Looking for help crunching a MacOS ARM 64kb bin
category: code [glöplog]
Hey all! Long time demoscene admirer, first time poster.
TLDR; noob looking for advice to make a 69kb macos arm binary smaller
I literally only have this triangle. Its just triangle.
I've been developing a hobby microengine and I currently have a Vulkan 1.4 Triangle weighing in at 51kb when signed locally, and 69kb when codesigned with my Apple development cert. This triangle is being rendered with basic spir-v compiled via slang. I'm super proud of this triangle but until I can get audio and sizing issues resolved, I'm hesitant to move on to more complex scenes.
I have a build here, not that I'm saying you should run unknown foreign code. In this archive is the same bin with symbols and locally signed as well as stripped and signed against my apple dev profile. https://drive.google.com/file/d/1rroIxNGpprSzwGUYZPFMynHSJgySRHtA/view?usp=sharing
My biggest problem is I'm losing 16kb due to dynamic linking requirements and having the first __DATA __got section bloat out to 16kb. The next biggest is codesigning data is appended to the program not within it, so being unable to cut down on this section or the second __DATA const section is doubly painful. I'm hoping someone has a magical golden bullet dyld replacement that will let me not need this section altogether.

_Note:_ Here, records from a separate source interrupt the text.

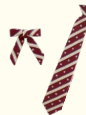
RIBBON & TIE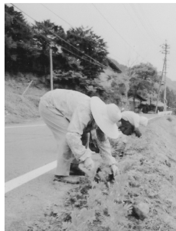
上組「はこべグループ」

現在この上祖山を離れている方でも「定年になったら帰ろう～上祖山に！」と思われるような地区を目指していきたいと思えます。（寄稿）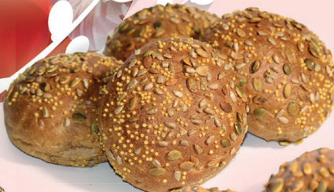
Juttersbollen bake-off (4 stuks) 3,15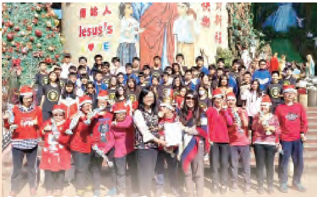
▲校長與國二15班同學們一起歡迎慈愛智能發展中心院生。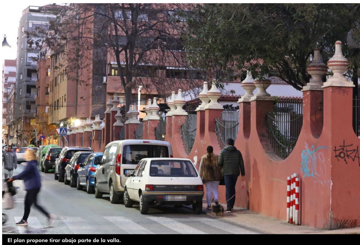
El plan propone tirar abajo parte de la valla.

El Jardín de la Música lleva años abandonado a su suerte . Desde hace aproximadamente una década este parque ha sufrido un deterioro que no se ha frenado y los vecinos no lo visitan porque afirman que "se ha convertido en un pipicán" . Ahora el Ayuntamiento de Elda, a través del organismo autónomo IDELSA, ha presentado un Plan Director para su rehabilitación que propone acabar con la imagen de este emblemático punto tal y como se conoce, pues apuesta por derribar parte del muro perimetral, así como colocar juegos infantiles y reabrir el quiosco . Es una propuesta del arquitecto local Manuel Mateo a petición del Consistorio.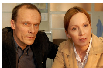
Jenseits der Mauer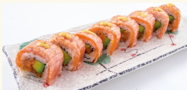
10 Tokio Roll gegrillt 14,00 € Leicht gegrillter Lachs, Avocado C,D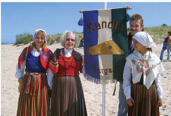
Lībieši jūras krastā pie Mazirbes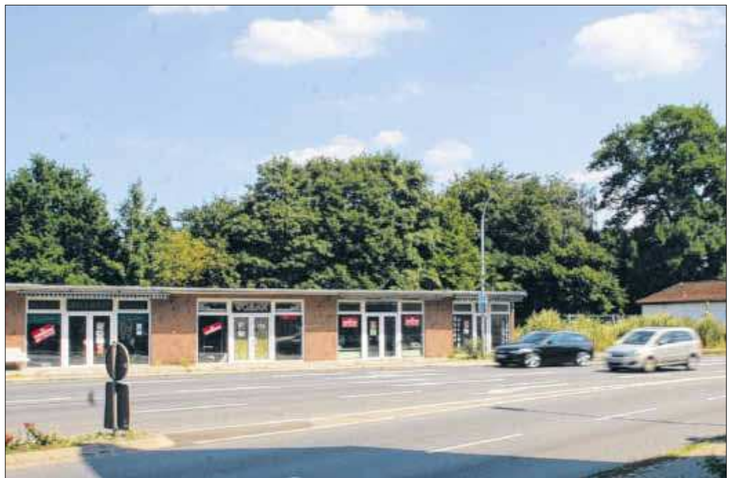
Trauriger Anblick: Die verwaiste Ladenzeile und das von Unkraut überwucherte Grundstück des Drei Kronen ist keine schöne Visitenkarte und den Stockelsdorfern seit langem ein Dorn im Auge.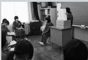
紙芝居で体験内容を発表

I've been working on my own jank disassembler and analyzer so I can visualize my program. I don't know if this helps any but this is its current memory layout, badly labeled

I've tried all sorts of modifications and resigning, all types of changing the program header and program section offsets, and I'm unable to produce a binary that isn't aligned to these 16kb chunks and is this wasteful.
I know I can reduce code if I implement Metal instead of Vulkan, but my challenge to myself is to keep vulkan so I can target Windows/Linux/Mac easier, but reducing code in this binary won't reduce the final binary size in its current state due to these 16kb chunks.
Am at my wits end with this, so I feel like I've gone as far as I can go by myself. I'd greatly appreciate any insight and help on this matter.
TLDR; noob looking for advice to make a 69kb macos arm binary smaller
I literally only have this triangle. Its just triangle.

I've been developing a hobby microengine and I currently have a Vulkan 1.4 Triangle weighing in at 51kb when signed locally, and 69kb when codesigned with my Apple development cert. This triangle is being rendered with basic spir-v compiled via slang. I'm super proud of this triangle but until I can get audio and sizing issues resolved, I'm hesitant to move on to more complex scenes.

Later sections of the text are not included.